Required action.
The lines to return run from the start of the material below through the line holding "Die beiden Ebenen", both included; please give them back exactly, minus the pictures.

Raw data.
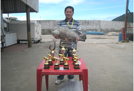 23日中午,大家满载着喜悦和收获陆续回到岸边。在简短的颁奖仪式上,颁发了奖杯和奖金。会长吴耀宙先生以单条最重获得第一名,成绩是7.18kg,并获得奖金800元;获得第二名的是来自韩国的DANIEL李先生,成绩是5.98 kg,并获得奖金500元;获得第三名的是ANDRE陈先生,成绩是5.00 kg,并获得奖金300元。7条船上的优胜者也得到奖杯和纪念品。
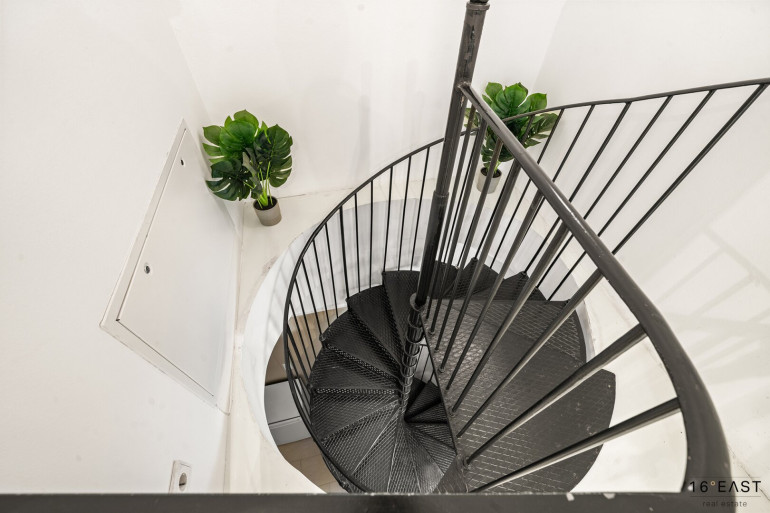Die beiden Ebenen sind über eine liebevoll renovierte historische Stiege miteinander verbunden.
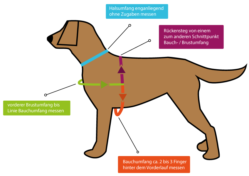 Genau genommen, die Ihres Hundes. Bitte geben Sie beim Bestellvorgang die gewünschten Angaben und Maße Ihres Hundes unter „Fragen zum Produkt/ Größe“ an und warten auf unsere Antwort mit der passenden Grössenermittlung. Somit gehen wir sicher, daß wir Ihrem Hund ein perfekt sitzendes und bequemes Produkt liefern können.

Solution to the exercise.
 23日中午,大家满载着喜悦和收获陆续回到岸边。在简短的颁奖仪式上,颁发了奖杯和奖金。会长吴耀宙先生以单条最重获得第一名,成绩是7.18kg,并获得奖金800元;获得第二名的是来自韩国的DANIEL李先生,成绩是5.98 kg,并获得奖金500元;获得第三名的是ANDRE陈先生,成绩是5.00 kg,并获得奖金300元。7条船上的优胜者也得到奖杯和纪念品。
Die beiden Ebenen sind über eine liebevoll renovierte historische Stiege miteinander verbunden.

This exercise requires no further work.